Ching is satisfied with her life on the island. Having been here for more than 40 years, she only left the island several times.
“A few years ago my husband took me to Central (Hong Kong’s business center, a district on Hong Kong Island) once. It was no good. So noisy, so many people. It made me feel dizzy,” she said. “Here is the best place.”
The couple has a son, who also lives here in Yung Shue Wan with his wife and kids, and a daughter, who got married and moved to North Point, a district on Hong Kong Island. Ching and her husband stay in their old house, almost standing together with the tent, with only a narrow hiking path between.

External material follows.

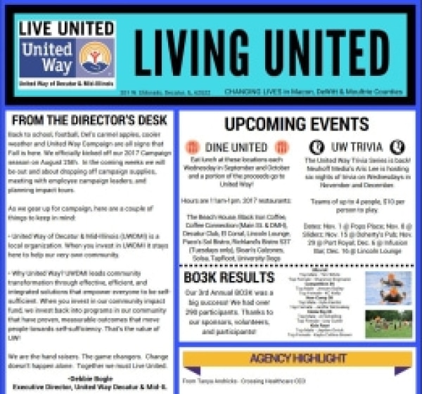 Article posted on October 23, 2025 • 0 min read September 2017 Edition M Article posted by morwebadmin Updated on Oct 23, 2025 Home Blog Share us on Table of Contents How to Apply Interested candidates should submit their resume and a cover letter detailing their qualifications and interest in the position to Debbie Bogle @ dbogle@uwdecatur.org or mail to: Apply Today United Way of Decatur and Mid-IllinoisAttn: Debbie Bogle201 West Eldorado St.Decatur, IL. 62522

“I’m over 70 now. I don’t know how long I can keep doing this. It’s such a good business, but my son doesn’t want to take it,” she said and smiled slightly, looking down at her bowls of tofu fa.
Twenty minutes walk from the tofu fa tent, beside the Hung Shing Yeh Beach, the most famous beach on Lamma, two young men are picking up the tofu fa couple’s long abandoned profession, in a much more modern way – they are organic farmers growing herbs.
Gary Tse Yau-chit and Gavin Yu Ka-fai owns Hong Kong’s only organic herb garden called Herboland. The garden is a lustrous fusion of over 40 types of herbs with their names written in Chinese and English on colorful recycled glass bottles, a black rabbit and a white rabbit and a brown rabbit lounging or digging or climbing up a big tire in a huge long cage, a tent displaying all kinds of herb products like dried herb tea bags and seasonal herbs in pots in varied sizes with prizes ranging from HK$20 to HK$60, and a tea tent for customers to enjoy a short escape from time with a cup of hot herb tea or a glass of cold one, sitting on a very low box-shaped stool made of bamboo at a square bamboo table not much higher; The tea tent is decorated with numerous sparkling handicrafts and an old refrigerator-turned bookshelf and pots of herbs clustering on the center of the tables. As if framed into a still life painting, the tent shimmers with a piece of soft, soothing piano music flowing and murmuring in the air.

Gavin Yu Ka-fai, one of the founders of Herboland, formerly an industrial designer. (Photo: Shirley Zhao)
Before they started the garden in 2003, Gary and Gavin were designers living and working in the hustling and bustling part of Hong Kong, but they did not like the life there in the office. They were Sunday farmers who volunteered on an organic farm only on weekends, and developed their love in farming. Then they thought why not start their own organic farm.
They were fascinated by the multiple uses of herbs, and nobody was growing organic herbs back then in Hong Kong. They thought Lamma, with so many westerners, has the proper cultural soil to plant their farm.
“The atmosphere here is interesting,” said Gavin. “I’m leading an open and healthy life.”
Sitting on a stool in the tea tent, meditating, Alice Giusto, an Italian working and living in Shanghai, did not want to leave.
She came to Hong Kong for a weekend trip, and believes it is destiny that she met the island.
“Shanghai is crazy. Hong Kong is crazy too,” she said. “But this place is different.
“It is like going back to the root. It reminds me of my home.”